In TMA IV, the plaintiffs challenged two things: increased administrative fee to participate in the independent dispute resolution (IDR) process, which providers asserted made participating in IDR for small-value claims cost prohibitive; and the Departments’ rules regarding batching, which providers claim makes it difficult to batch related claims for resolution in a single arbitration proceeding.
The Court found that the Departments violated the Administrative Procedure Act in both instances—when they raised the IDR administrative fee from $50 to $350 for 2023 and established batching rules that did not allow providers to batch claims together in the IDR process. The Court ruled that the changes were substantive and should have gone through notice and comment rulemaking. The Court vacated both policies nationwide.

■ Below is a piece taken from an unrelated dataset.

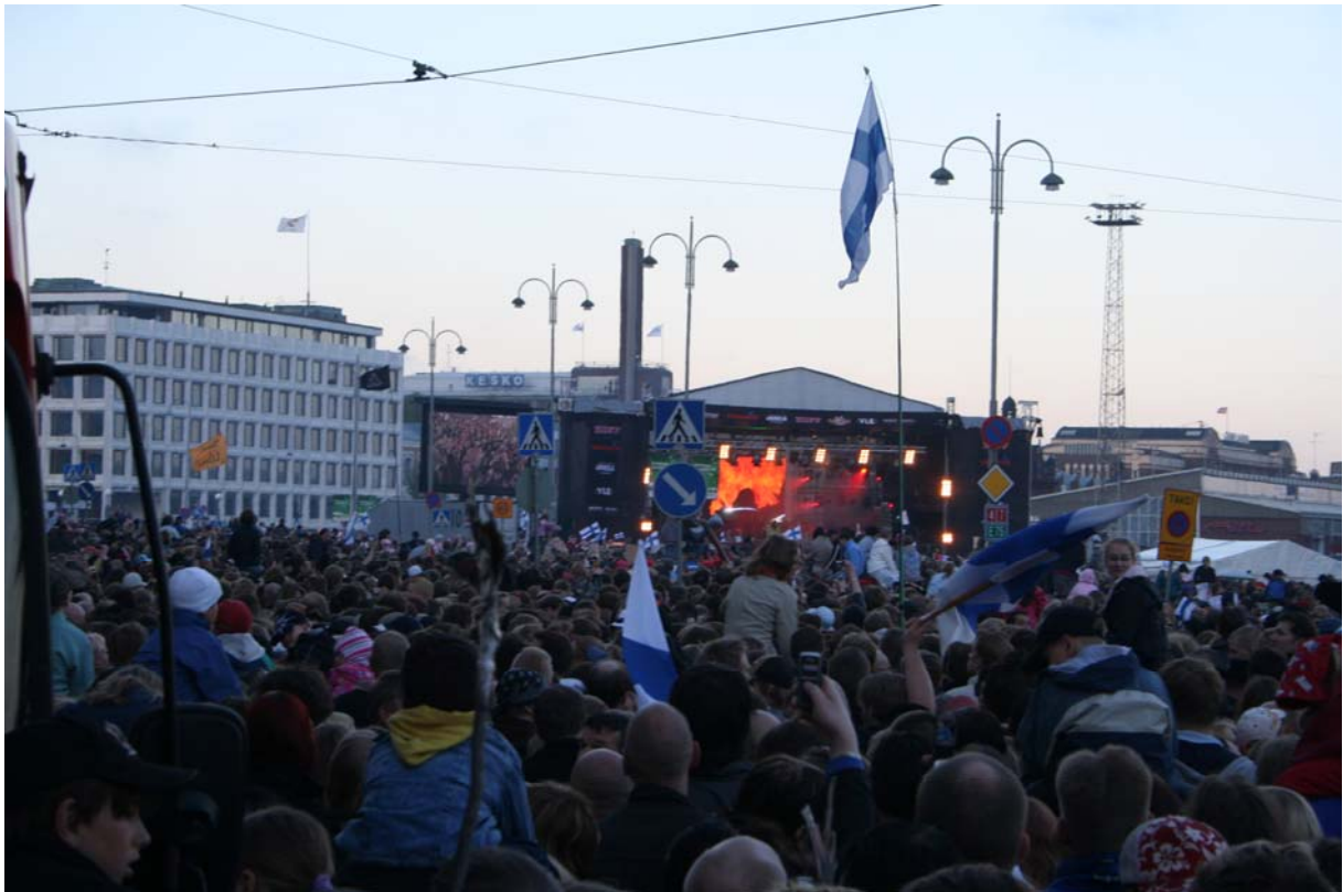
Lordi koncert a kikötőben. Ez az együttes és persze így rajtuk keresztül Finnország nyerte az Euróvíziós dalfesztivált 2006-ban.

Szeptembertől változik a cserediákok elszállásolása az Arcadaban. Mivel felépült a campusban az új diáképület, ezért azokat, akik egész évre jönnek, ott szállásolják majd el, akik pedig csak egy szemeszterre (most már 2 negyedévre) érkeznek ide, azok pedig Vaino Aurinkatuban kapnak majd szállást. Tehát Pasila megszűnik (legalábbis az Arcada részéről), ami sajnálatos egy kicsit, mert itt teljesen vegyes volt a társaság, tehát a város szinte összes iskolájából volt itt diák. Az egy más kérdés persze, hogy a campusban található épület vadonatúj és szolgáltatásaiban azért többet nyújt, mint Pasila! Az új épület elérhetősége a neten: www.majstranden.fi/en/index.html . A szállás árát nem emelték, az továbbra is €300-350 között volt. A nyárra egy picit olcsóbb. Az új helyen a szállás egy kétszobás lakásban €360 havonta, személyenként. Ez tartalmazza az elektromosságon kívül az összes költséget (víz, fűtés, internet, stb.).

As a result, the IDR fee will return to $50 for now. The batching rules are also vacated until the Departments go through notice and comment rulemaking, resulting in the IDR portal temporarily being suspended and no longer accepting new disputes. The Departments are working on a proposed rule that has moved to review by the Office of Management and Budget that will likely include some batching policies and may be issued in the next few months. The Departments also have an opportunity to appeal this decision, as they did for TMA II.
- US Department of Health and Human Services Secretary Xavier Becerra applauded the formation of the Office of Long COVID Research and Practice to lead the long COVID response and coordination across the federal government. He also praised the National Institutes of Health’s launch of long COVID clinical trials through the RECOVER Initiative, which is a $1.15 billion nationwide research program designed to understand, treat and prevent long COVID.
- President Biden’s Cancer Moonshot announced an Advanced Research Projects Agency for Health (ARPA-H) program to develop novel technologies that will allow surgeons to remove cancerous tumors with more precision and accuracy. The launch of the Precision Surgical Interventions Program is ARPA-H’s first program targeting cancer and second program overall. The program aims to deliver groundbreaking new tools to enable surgeons to successfully remove cancer for patients through a single operation by better identifying and differentiating between healthy tissue and cancer tissue.
NEXT WEEK’S DIAGNOSIS
With Congress in recess through Labor Day, our weekly Check-Up will be taking a summer break. We will provide updates should notable developments occur during the month of August and will otherwise return to our regular publication schedule on September 8.